I came across this practice, from a big company handling personal customer data, of not allowing developers/maintainers to look straight at the application logs (e.g. good old tail | grep
) by connecting to the application servers through SSH in the production environment. The logs do not contain any personal data.
Developers can still retrieve the logs, but they must do so through a web interface, which is exposed by the server through some kind of plugin. The interface exposes the logs as static files that the developer can download and then look up offline, for problem determination purposes. This is suboptimal from the maintainer point of view because
- it is impossible to look at real-time logs
- the download fails if the file gets bigger than a certain size, in which case you need to ask a sys admin to retrieve the logs manually (or set log rotation to smaller chunks, but then it's often harder to find the chunk you're looking for).

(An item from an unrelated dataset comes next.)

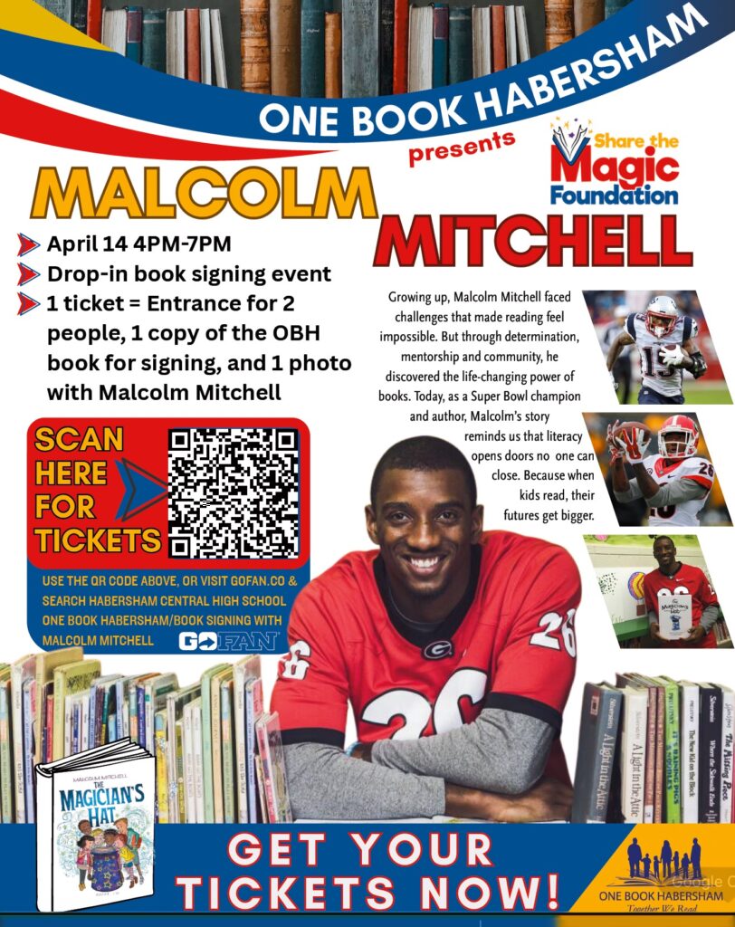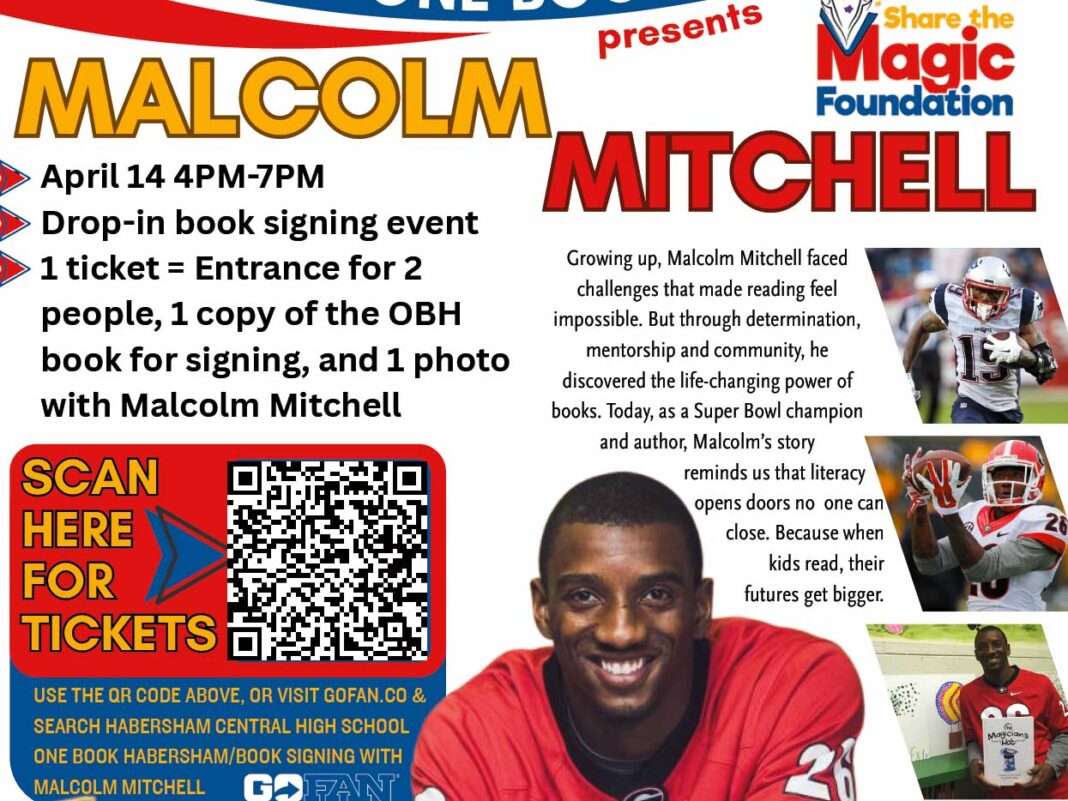 One Book Habersham, a partnership between Habersham County Schools, the Northeast Georgia Regional Library System, Piedmont University’s education department, and Volunteers for Literacy of Habersham County, will host Malcolm Mitchell for a public book signing event on April 14 from 4 p.m. to 7 p.m. at the Cornelia Community House.

In the integration and/or UAT environments, maintainers are allowed to connect directly to the application servers through SSH, they are given personal users with read-only access to the machine, and can therefore read the logs straight e.g. from the /logs
dir. In the production environment, the company policy is "Only sys admins can SSH to the application server".
The purpose of this question is to better understand the good reasons behind this rule, and the possible alternatives around it i.e. TL;DR
- What could actually go wrong allowing maintainers to access production servers through SSH connection using a personal read-only user?
- Is there any best practice for allowing real-time access to production logs without exposing the system to security risks?